The bulletproof window lowered another two inches. Eleanor Montoya's face appeared in the gap. Her skin was perfectly lifted and tightened by expensive surgeons, but right now, it was twisted into an ugly snarl.
"Did you not hear me?" Eleanor screamed at the guards outside. "Shoot her! She's a deranged beggar trying to extort us!"
Beside Eleanor, a younger woman draped in a Chanel shawl leaned over. Tess Logan covered her nose in disgust. "Nine hundred and ninety-nine dollars? That wouldn't even cover my weekly manicure. These street rats are getting desperate."
The PMC captain adjusted his grip on his rifle. He received the direct order from the family matriarch. His finger tightened on the trigger.

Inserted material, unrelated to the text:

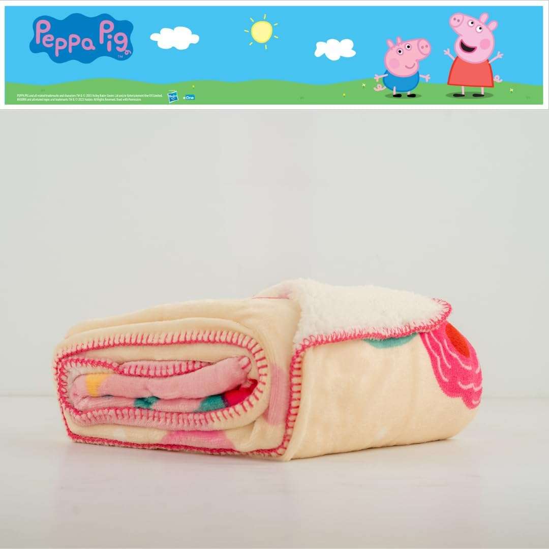PEPPA PIG DESIGN: With our Sherpa Throw, you can experience the charming charm of Peppa Pig. A whimsical and happy scene is created when Peppa and her friend Suzy Sheep come to life against a backdrop of blooming flowers and playful dots. This is more than just a throw; it’s a cozy embrace that brings Peppa Pig’s world into your home.

Before he could apply the final pound of pressure, a sound came from the deep shadows at the back of the cabin.
It was a cough.
It was incredibly weak, barely more than a ragged exhalation of air, but the moment it echoed through the truck, every single mercenary outside froze. The captain immediately pulled his finger off the trigger and lowered the barrel of his gun.
The interior motion-sensor lights flickered on, illuminating the back of the cabin.
A young man sat in a high-tech, motorized wheelchair. Camden Montoya's skin was the color of old parchment. A thick, gray cashmere blanket was draped over his lap, making him look frail enough to be shattered by a strong gust of wind.
His eyes were a striking, deep gray-blue. They held a terrifying emptiness, a profound exhaustion that looked right through the physical world.
Camden raised a pristine white handkerchief to his mouth. He coughed twice more. When he pulled the cloth away, a faint web of red blood stained the white cotton.
Eleanor's face instantly shifted from rage to cloying sweetness. "Camden, darling, please don't strain yourself. The cold air will worsen your condition."
Camden didn't look at his stepmother. He slowly turned his head, locking his gray-blue eyes onto Eloise standing in the rain.
Their gazes collided through the open window. For a fraction of a second, Camden felt a strange, violent stutter in his chest. His heart missed a beat.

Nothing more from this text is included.